Mönchengladbach: Bordellkunde verlangte sein Geld zurück
VON INGRID KRÜGER - zuletzt aktualisiert: 26.05.2010Mönchengladbach (RPO). In der Nacht zum 13. Januar 2009 nahm die Polizei an der Gartenstraße einen 36-jährigen Mann fest, der völlig außer Atem war. Die Betreiberin eines Rheydter Clubs mit bordellartigem Betrieb hatte die Polizei verständigt. Der Kunde habe in ihren Räumen gestohlen und alle mit einem Messer bedroht.

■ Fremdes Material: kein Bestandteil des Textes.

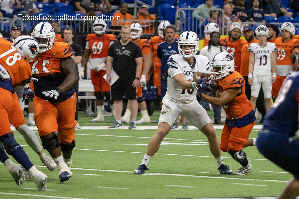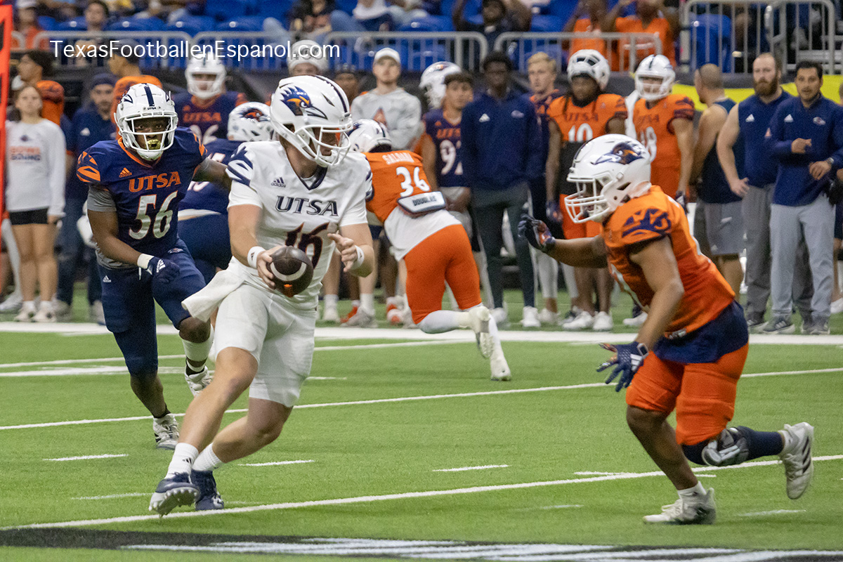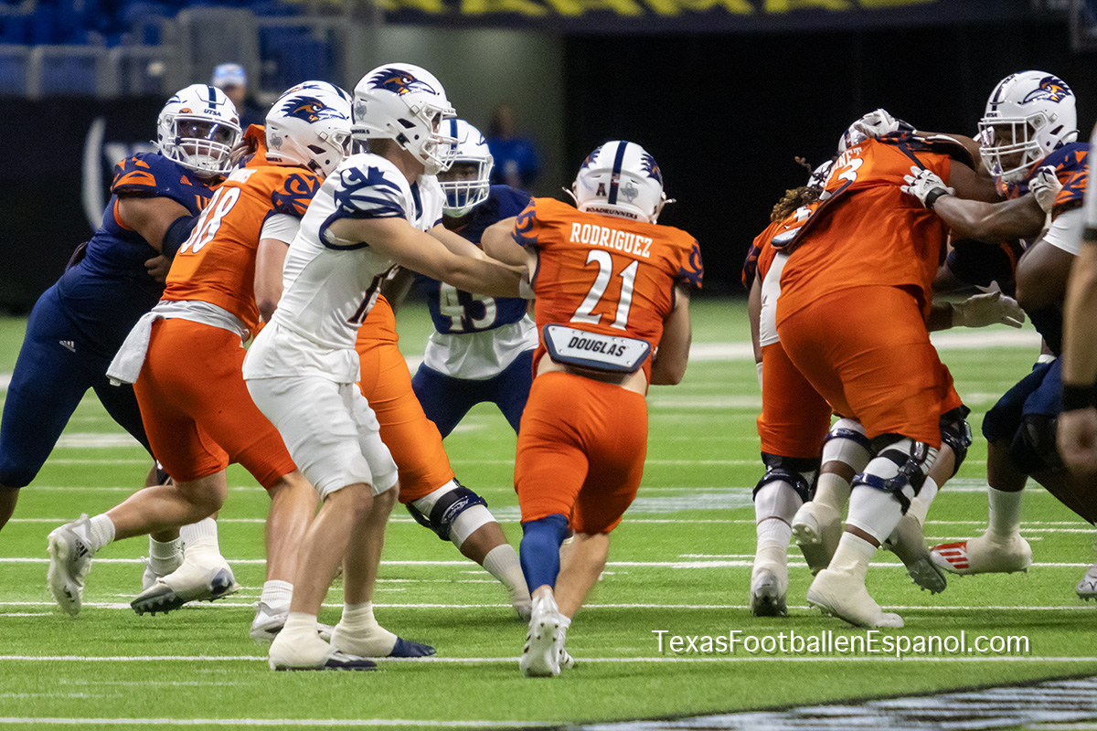 Definitivamente la posición de QB está cubierta completamente con el novato Jackson Gilkey, el oriundo de Ennis Tx tuvo una buena tarde, conectando pases de buena profundidad y sobre todo con mucha
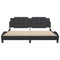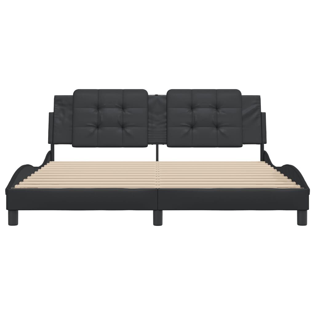 Get a better restful night's sleep from this bed frame with headboard! It makes a welcoming addition to any bedroom. Durable faux leather: Premium faux leather is a highly durable material. It is resistant to stain, making it easy to clean with a damp cloth. The smooth surface also gives a luxurious look and the beauty of real leather.Plywood slats: The plywood slats provide good weight distribution, ensuring that the mattress stays in place with every twist and turn of your body during sleep.Excellent support: The headboard pillow is stuffed with foam for ultra-soft and optimal comfort, providing you with excellent back support while you're sitting up in bed to read or watch TV.Convenient design: The cushion headboard has a zipper for easy installation.Waved side design: The waved look of the bed frame is stylish and sophisticated, adding a modern and elegant touch to your decor, making it the focal point of your bedroom. Good to know:A mattress is not included with this bed. We do offer a various selection of mattresses. You can check our shop for a matching mattress.

Wegen versuchter räuberischer Erpressung und Diebstahls musste sich der Mönchengladbacher mit dem türkischen Pass gestern vor der Dritten Strafkammer des Landgerichts verantworten. Der Hartz-IV-Empfänger, der seine kranke Lebensgefährtin betreut, gab den nächtlichen Bordellbesuch im vergangenen Jahr zu. Aber die Vorwürfe der Anklage bestritt der Mann mit den langen dunklen Haaren.
Für 100 Euro habe er damals in dem Rheydter Club bei einer 28 Jahre alten Frau für eine Stunde Liebesdienste gebucht. Dann habe er für einen weiteren Hunderter das Vergnügen um eine weitere Stunde verlängert.
"Aber nach etwa 30 Minuten wollte die Frau nicht mehr", erinnerte sich der Angeklagte. Damit war der Kunde keinesfalls einverstanden. Mit den Leistungen der 28-Jährigen sei er nicht zufrieden. Er wolle 50 Euro zurück. Danach habe es im Wohnzimmer des Bordells Palaver gegeben. Aber er habe immer nur die 50 Euro gewollt und das Küchenmesser vom Tisch nur genommen, weil der Freund der 42 Jahre alten Clubchefin danach greifen wollte.
"Ich bin abgehauen und habe das Messer in den Flur geworfen", so der Angeklagte gestern im Gerichtssaal. Den Diebstahl eines Laptops und zweier Mobiltelefonen bestritt er heftig: "Ich hab da gar nichts mitgenommen." Weggelaufen sei er nur, weil er Panik bekam.
Doch die Zeugen erinnerten sich an einen anderen Verlauf der Januarnacht. Sowohl die Clubchefin als auch die 28-Jährige, die mit dem Angeklagten "aufs Zimmer gegangen war", machten gestern klar, dass der Kunde nicht nur 50 Euro verlangt hatte.
"Der hat das ganze Geld gefordert - wegen nicht erbrachter Leistungen", beteuerten die beiden Frauen. "Ich bin Hartz-IV-Empfänger, gib mir mein Geld zurück", soll der enttäuschte Kunde gesagt haben, erinnerte sich die 28-Jährige. Der Angeklagte habe mit dem Messer, das noch vom Apfelschälen übrig geblieben war, gedroht. Als der Angeklagte kein Geld bekam, soll er sich mit dem Laptop und zwei Telefonen davon gemacht haben.
Am Ende verurteilte die 3. Strafkammer den mehrfach vorbelasteten Arbeitslosen wegen Diebstahls zu einer Geldstrafe von 1000 Euro (100 Tagessätze zu je zehn Euro). Vom Vorwurf des Erpressungsversuch sprachen ihn die Richter frei. und verwiesen dabei auf widersprüchliche Zeugenaussagen.